Other confounding variables that may contribute to this correlation maybe socioeconomic factors and other similar underlying concurrent diagnoses. Multiple prior studies have suggested that certain socioeconomic factors may predispose children to kidney stones as well as asthma [12, 13]. However, socioeconomic data was not available for this study and is a limitation of our dataset. An additional limitation is that our data represents general pediatric patients seen in a tertiary referral center which may not represent the general population as a whole. Patients seen at our institution may have more comorbidities and chronic diseases that may contribute to both asthma and/or nephrolithiasis. Furthermore, our patient population is predominantly white. Our observations may not be consistent amongst other racial groups. Further investigation is needed to elucidate whether other possible concurrent diagnoses and clinical/demographic characteristics may contribute to our findings.

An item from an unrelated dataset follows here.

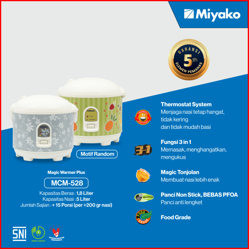 Ready Miyako Rice Cooker Magic Com Mcm528 Mcm 528 Mcm-528 1 8 Liter Garansi Resmi
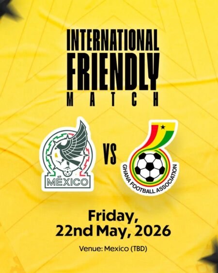 Ghana’s national football team, the Black Stars, will face Mexico on May 22, 2026, in their third and final friendly before the 2026 FIFA World Cup.

As CF patients have epithelial ion channel abnormalities in both the lung and kidney, we investigated urinary profiles of asthma patients (who have epithelial abnormalities of the lung) to see if similar urothelial abnormalities maybe seen with urinary electrolyte handling. To investigate if there were underlying abnormalities in asthmatics with stones that were different from stone only children, we evaluated 24 hour urine profiles. Hypercalciuria is the most common lithogenic risk factor seen in children with kidney stones [14-16]. In children with stone disease associated with a metabolic abnormality, hypercalciuria can be seen in up to 50% of patients [17]. Another leading cause of stone formation in the pediatric population is hypocitraturia, which been seen in 10–60% of pediatric patients with calcium renal calculi [18-20]. Urinary citrate is an inhibitor to calcium stone formations and crystallization via calcium binding making it more soluble. Low levels of citrate in the urine can lead to nephrolithiasis. Chronic metabolic acidosis can increase the risk of nephrolithiasis by increasing kidney tubule citrate reabsorption causing hypocitraturia. In our cohort, we did notice a low 24 hour urine level of citrate in both stone patients and stone patients with asthma. However, the absolute value and creatinine adjusted difference between the groups was not significantly different between stone patients with and without asthma. Overall, the 24 hour urine profiles of stone patients with and without asthma were similar, suggesting that asthma patients do not have different urine concentrating/solute handling abnormalities when compared to non-asthma stone patients.

Conclusion

Children with asthma have a 4-fold greater prevalence of kidney stones than the general pediatric population at our institution. Similarly, children with kidney stones have a 4-fold greater prevalence of asthma, such that 1 in 3 children with stones under the age of 12 have asthma. Although this is a correlation study, the data may suggests a mechanistic link between asthma and nephrolithiasis. Further investigation is needed to elucidate the pathophysiologic origin of this relationship.